● **Supplied data**
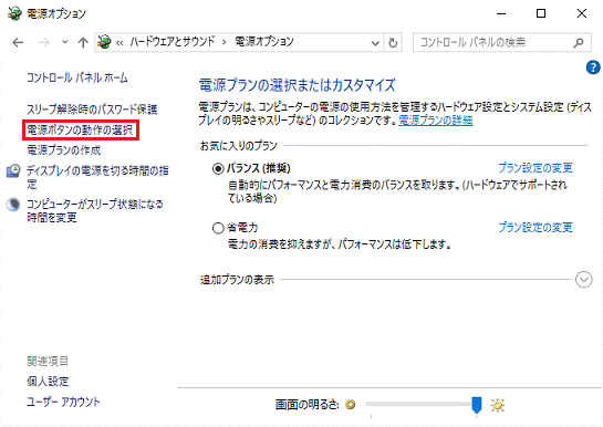 「電源オプション」の「電源の追加設定」から、設定を変更します。
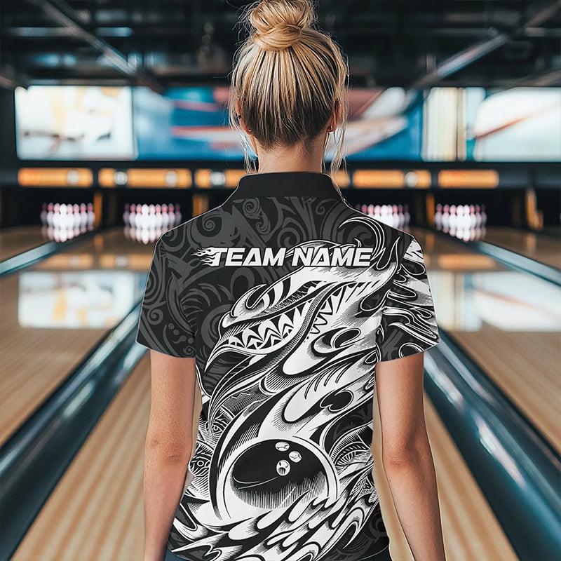 Custom Black And White Tribal Polynesian Bowling Women Polo Shirts, Niho Mano Bowling Shirt IPHW8812
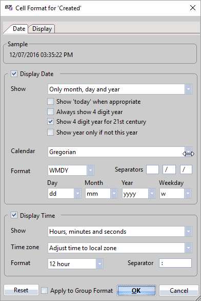 Date columns offer both 'Display' and 'Date' preferences, letting you set the color and alignment of the text within the column, as well as a full range of Date display options.
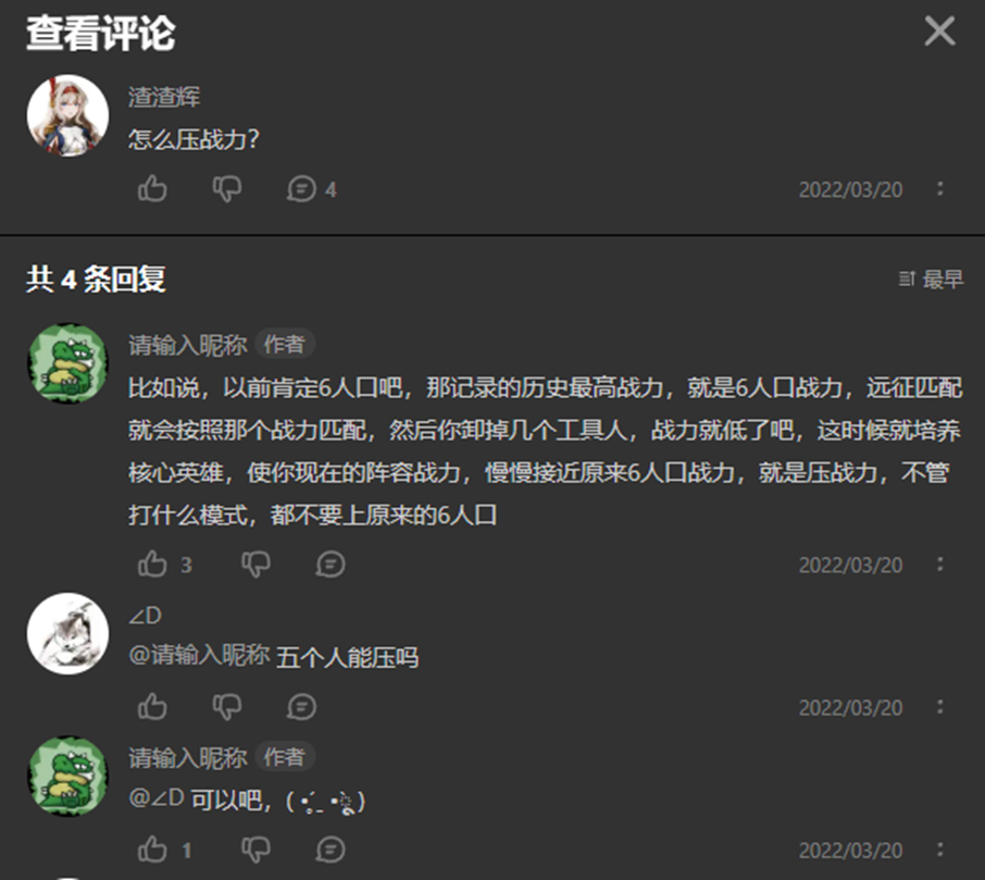 在这一篇中,陆少在评论区中提出一点,“远征是按照自身历史最高战力匹配,脱装备没有用”(压战力无用)。
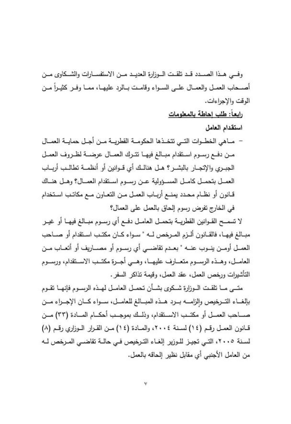رداً على طلب بمعلومات إضافية تم إرساله إلى وزارات قطرية ومسؤولين قطريين، ذكرت وزارة العمل أن "قانون العمل (14 لسنة 2004) والقرارات الوزارية الصادرة بناء عليه، تحظر بكل حزم على أي صاحب عمل أو مكتب استقدام، تلقي أي رسوم أو عمولات على استقدام عمال إلى قطر. تفرض وزارة العمل هذه الأحكام بحزم، وهذه الأعمال تعتبر إتجاراً بالبشر، وهو محظور بموجب القانون. لم تتلق الإدارة شكوى من أي عامل طلب منه صاحب عمله أن يغطي بنفسه نفقات ورسوم استقدامه للعمل". [56] وأضافت الرسالة: "في حال تلقي الوزارة لشكوى بأن عاملاً سدد هذه الرسوم، تسحب التراخيص وتطالب المُخالف بتعويض العامل، سواء كان صاحب عمل أو مكتب استقدام للعمل". [57]
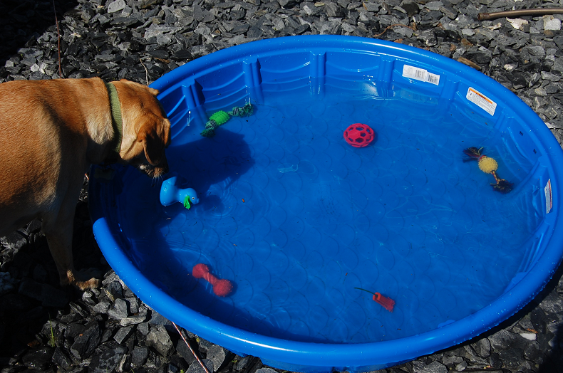 Last week we had a hot spell. We were dancing around high 80’s all week -and so I splurged and bought a $5 swimming pool and some plastic dollar toys to help keep the dogs cool (and keep the other dog from running off in seek of water -another story for another time.) Yoshi spotted the toys and was making herself comfortable with them, even doing her best to share when all of a sudden she started growling and snarling at the other dog.
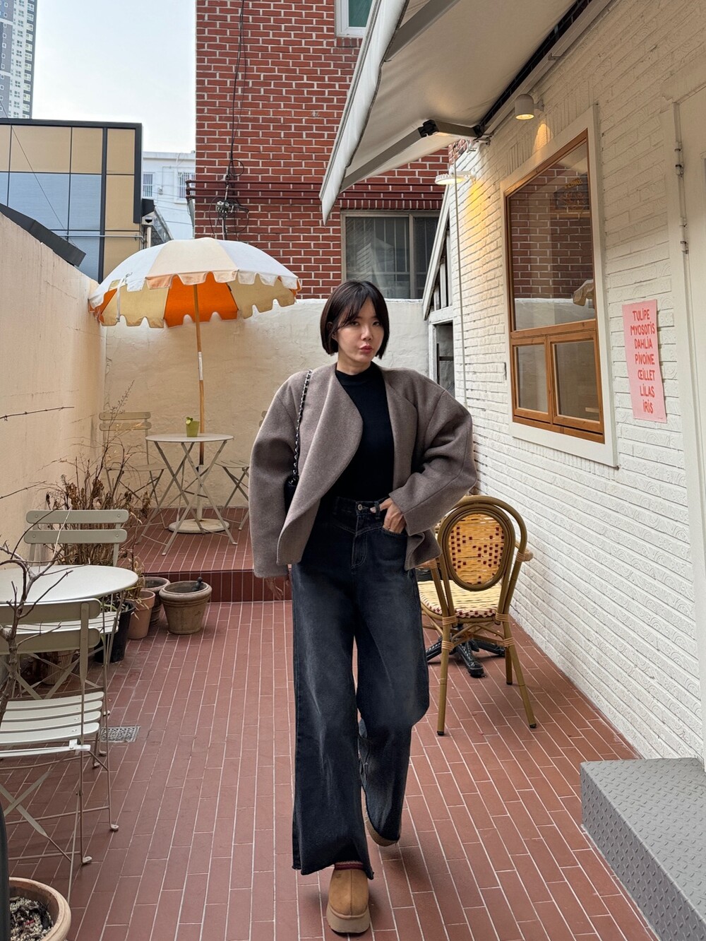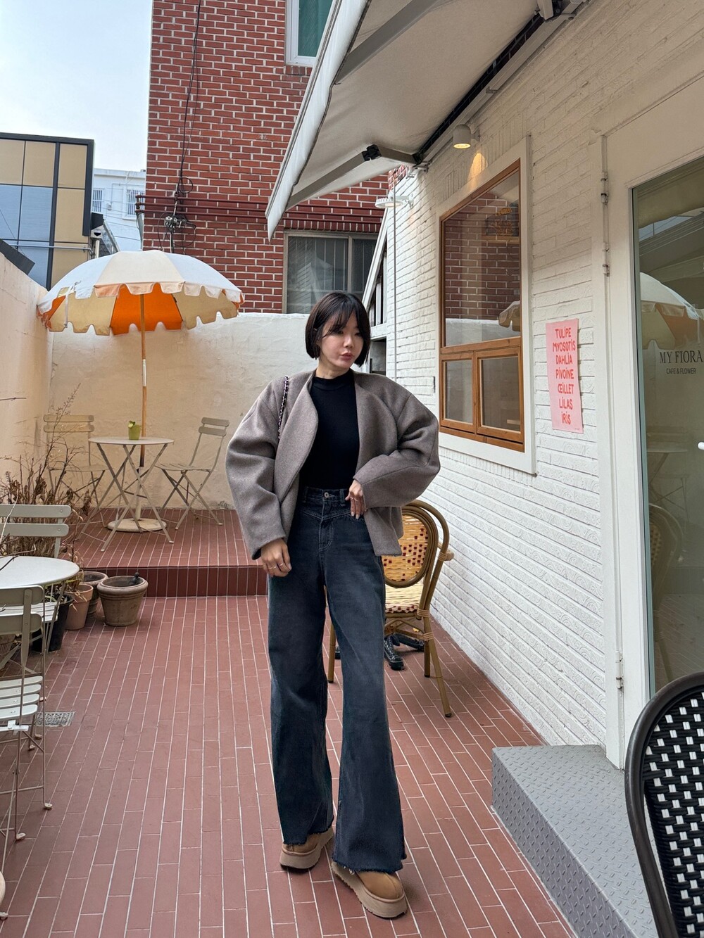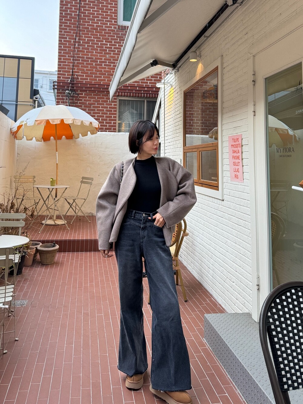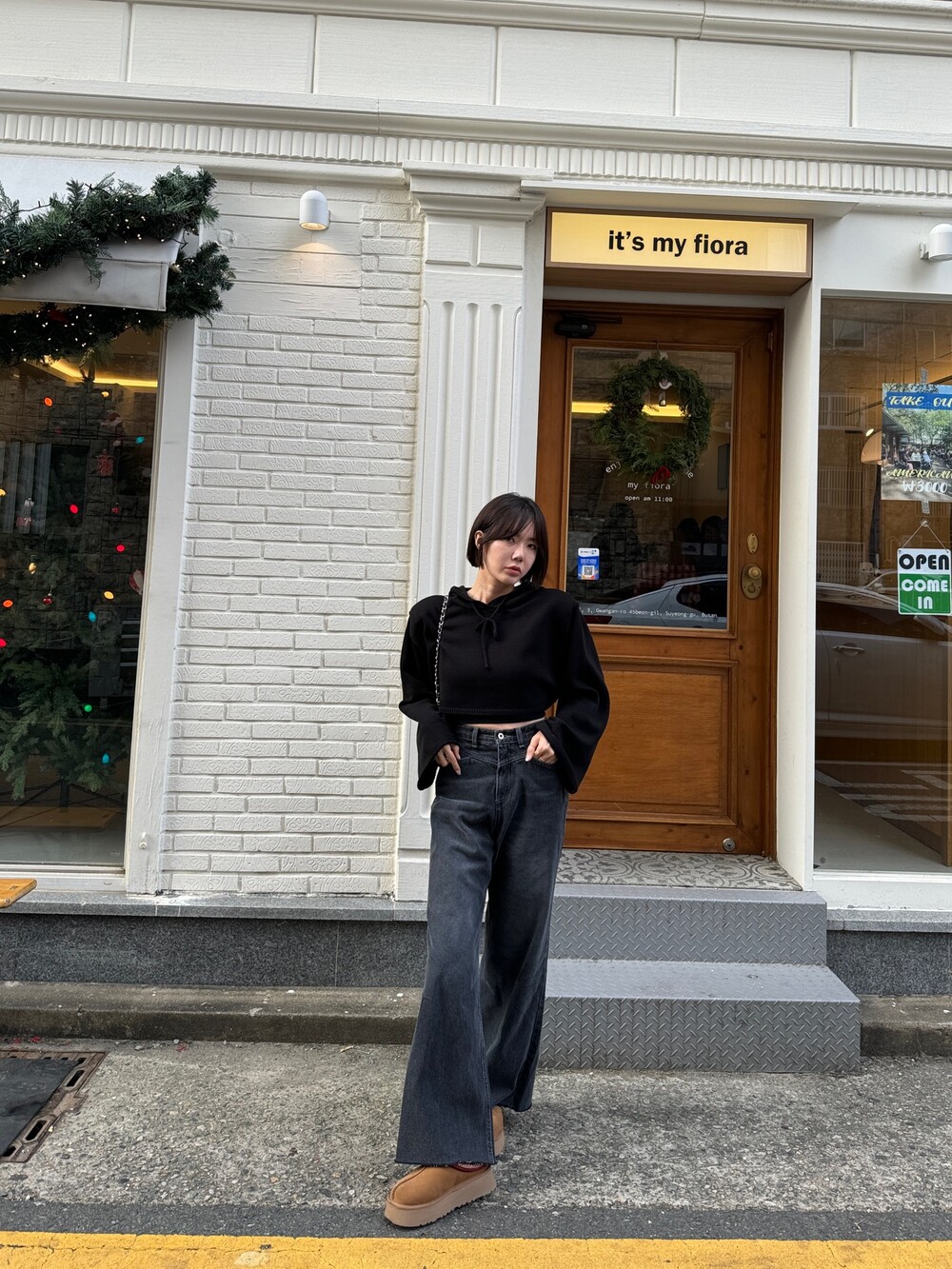 밑단 컷팅으로 핏감 좋은 와이드 데님 팬츠

● **Aim of the task**
Every entry belongs in the answer exactly as written, but no picture does.

● **Task result**
 「電源オプション」の「電源の追加設定」から、設定を変更します。
 Custom Black And White Tribal Polynesian Bowling Women Polo Shirts, Niho Mano Bowling Shirt IPHW8812
 Date columns offer both 'Display' and 'Date' preferences, letting you set the color and alignment of the text within the column, as well as a full range of Date display options.
 在这一篇中,陆少在评论区中提出一点,“远征是按照自身历史最高战力匹配,脱装备没有用”(压战力无用)。
رداً على طلب بمعلومات إضافية تم إرساله إلى وزارات قطرية ومسؤولين قطريين، ذكرت وزارة العمل أن "قانون العمل (14 لسنة 2004) والقرارات الوزارية الصادرة بناء عليه، تحظر بكل حزم على أي صاحب عمل أو مكتب استقدام، تلقي أي رسوم أو عمولات على استقدام عمال إلى قطر. تفرض وزارة العمل هذه الأحكام بحزم، وهذه الأعمال تعتبر إتجاراً بالبشر، وهو محظور بموجب القانون. لم تتلق الإدارة شكوى من أي عامل طلب منه صاحب عمله أن يغطي بنفسه نفقات ورسوم استقدامه للعمل". [56] وأضافت الرسالة: "في حال تلقي الوزارة لشكوى بأن عاملاً سدد هذه الرسوم، تسحب التراخيص وتطالب المُخالف بتعويض العامل، سواء كان صاحب عمل أو مكتب استقدام للعمل". [57]
 Last week we had a hot spell. We were dancing around high 80’s all week -and so I splurged and bought a $5 swimming pool and some plastic dollar toys to help keep the dogs cool (and keep the other dog from running off in seek of water -another story for another time.) Yoshi spotted the toys and was making herself comfortable with them, even doing her best to share when all of a sudden she started growling and snarling at the other dog.
 밑단 컷팅으로 핏감 좋은 와이드 데님 팬츠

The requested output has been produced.